Тяжелой была жизнь древнего человека, и поэтому, считал Нил Анкирский (ум. ок. 430 г.), ему необходима была вера в грядущее наслаждение. Она облегчала его тяжкий труд, придавала ему силы для преодоления бед, несчастий, скорбей, «ибо ум, занятый радостными помыслами, не так остро ощущает беспокоящие его неприятности и умеет настоящие трудности облегчать размышлением о благах, которыми будет обладать впоследствии» (Perist., XII, 7). Идея будущего бесконечного наслаждения должна была помочь человеку отказаться от погони за чувственными удовольствиями, уводящими, как правило, от добродетельной, но часто трудной жизни. Макарий Египетский рисует образную картину чувственного (преходящего) и духовного (вечного) наслаждений.

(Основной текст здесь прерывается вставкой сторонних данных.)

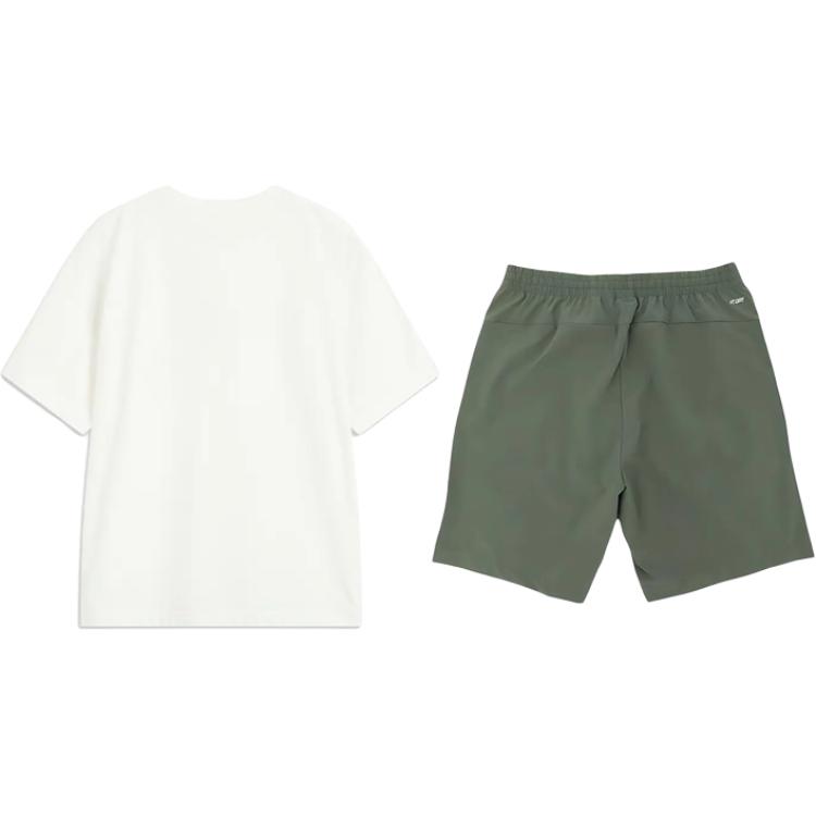 Комплект: рубашка цвета слоновой кости с короткими рукавами и спортивные шорты цвета тимьяна
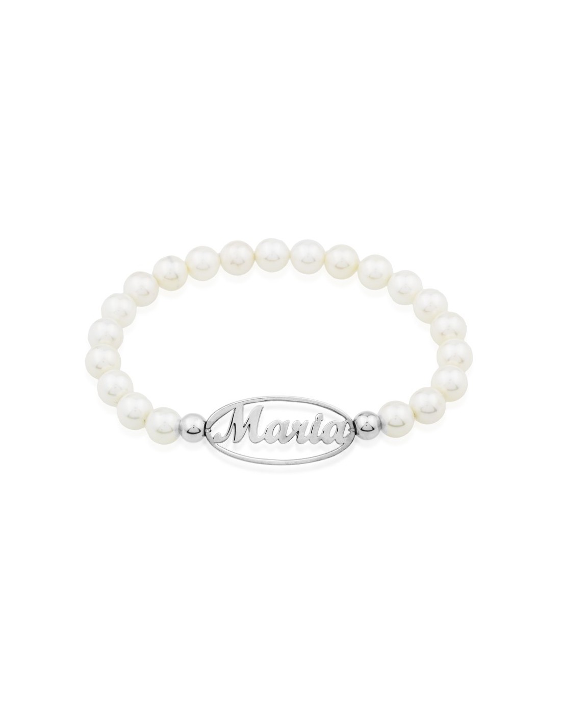 Pulsera extensible de perlas para personalizar con nombre en Plata de 925 milésimas.
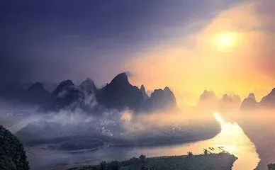 第二天清晨相公山看日出,回身下到兴坪古镇,午后走杨堤—兴坪一段水面,傍晚回阳朔吃清口菜。

Первое он сравнивает с ситуацией, когда некто входит в царский дворец, наслаждается красотой и роскошью убранства, бесчисленными яствами и напитками, а потом вдруг оказывается отведенным в зловонные места. Другое наслаждение Макарий уподобляет сказочному случаю, когда самая красивая, мудрая и знатная дева избирает человека нищего, незнатного, некрасивого, одетого в грязное рубище, сама облекает его в царские одежды, возлагает на него венец и делается его супругой. Изумление, удивление, блаженство, испытываемые этим счастливчиком, подобны тем, которые бог обещает человечеству в будущем веке. И бог уже дал людям вкусить духовных благ (Homil. spirit., VII, 1). Он сам умаляет себя, чтобы стать доступным духовному восприятию людей, чтобы еще в этой жизни души их «насладились светом неизрекаемого наслаждения». Если человек приложит старание, то «на самом опыте поистине зримо ощутит небесные блага, невыразимое блаженство (τρυφή), беспредельное богатство божества» (Ibid., IV, 11—12).
Постановка духовного неутилитарного наслаждения в качестве основного идеала и главной цели человеческого бытия привела христианство к эстетизации культуры, к перенесению решения многих важных проблем культуры в эстетическую сферу, наконец к сакрализации некоторых эстетических феноменов.
*
Поздняя античность не была каким-то исключительным этапом в истории культуры вообще и эстетики в частности. Однако кризис рабовладельческих отношений, вызревание новой классовой формации, новых социальных институтов привели к коренному изменению многих традиционных для античной культуры мировоззренческих представлений и, соответственно, к новым формам эстетического отношения к миру. Господство иррациональных философско-религиозных течений в культуре поздней античности повлекло за собой перенесение высших ступеней познания в сферы «внерационального опыта» — религиозно-мистического и эмоционально-эстетического, что объективно повысило внимание к сфере эстетического. Онтологический характер эстетических представлений античности {508} во многом меняется теперь на гносеологический, этический и психологический. Это относится прежде всего к категории прекрасного, которая продолжает играть важную роль в эстетике и в этот период.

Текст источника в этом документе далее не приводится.